From Dublin, New Hampshire, Shofield portrays the world around him with equal measures of abstraction and realism. His artist statement reveals: "I am most drawn to the formal aspects of painting, a sense of order in the composition on which I can impose loose brush work, arbitrary color, unique mark making, drips, tears, scratches, layers of translucent and opaque wax . . . all 'chaotic', expressive tools."

"Red Marsh Pines" demonstrates exactly what Shofield means. Its bright white foreground is essentially an abstract-expressionist field painting, while bushy pines deeper in the picture plane are both "realistic" and rendered in gobs. His red is a brownish-red oxide laid out in staccato vertical brushstrokes.
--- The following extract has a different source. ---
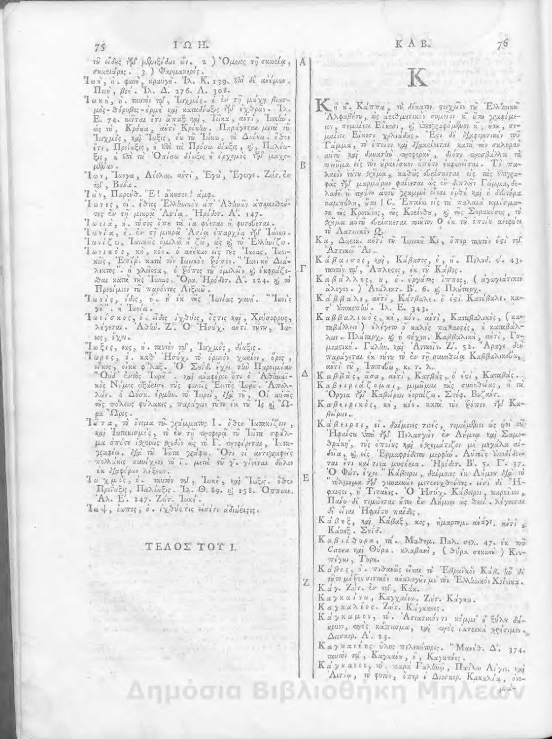 Τίτλος: Λεξικόν ελληνικόν προς χρήσιν των περί τους παλαιούς συγγραφείς ενασχολούμενων

"Red Marsh III" depicts the same place, but the painting has a higher horizon, with the tree line squeezed into the upper tenth of the canvas. Layers of translucent wax seem to cascade over the foreground.

"Lake View" may be that same watery location in a different season, without red weeds in the pond. Shofield's landscape vistas are all 40 inches square, which is large-scale for encaustic works. He varies spaces in the paintings by adroitly adjusting horizons and brushwork.

"Call's View" presents a more pastoral scene. A country road wends its way up a village hill, just as the maples are beginning to turn scarlet in early autumn. But that's where the sweetness ends. Shofield seems to have slashed lines into the wax and let dirty umber drips creep out of the heavens, adding tension to an otherwise peaceful New England country idyll.

Shofield's four paintings of bugs and a frog are 15-inch-square closeups of creatures that might be found near his neighborhood marshy pond. Rather than just calling the creatures by their names, he adds mythological edges to the titles. Thus the frog work is "Hades/Wood Frog," and the dragonfly is called "Mercury/Dragonfly." The other two biomorphic paintings are "Mars/Big Red Bug" and "Venus/Bumblebee." The mythological add-ons seem a little pretentious, but they do obliquely refer to the Roman roots of encaustic. In any event, the paintings are great despite the curious titles.

"Venus/Bumblebee" captures the bee on a bright lilac blossom amidst a beautiful triadic harmony of green, yellow and mauve. It's a photorealistic depiction, complete with a diffused background and shallow depth of field, as is common in nature photography. Of course, the paint surface is quite uncommon, and the insect works have smooth as well as diffused backgrounds.

Shofield goes to the opposite extreme in his "Black Sun Series." Those two 36-inch-square paintings capture the sun seemingly clawing its way through tangled branches. They are painted in heavy wax impastos, thicker than in any of his other pieces. "Black Sun Series #2" has the sun at left, a yellow-white disk penetrating an orange-and-black forest of leafless trees. "Black Sun Series #1" is a little more subdued: The sun is white with a few rays emanating from it, behind a forest of green leaves and gray tree trunks.

Ancient encaustic painters may have had a slightly tougher job than do modern ones -- contemporary artists have the benefit of premixed commercial recipes, blow dryers, precisely heated spatulas and other blending tools.

Nevertheless, encaustic remains a demanding medium. In Shofield's hands, it's an extremely versatile one.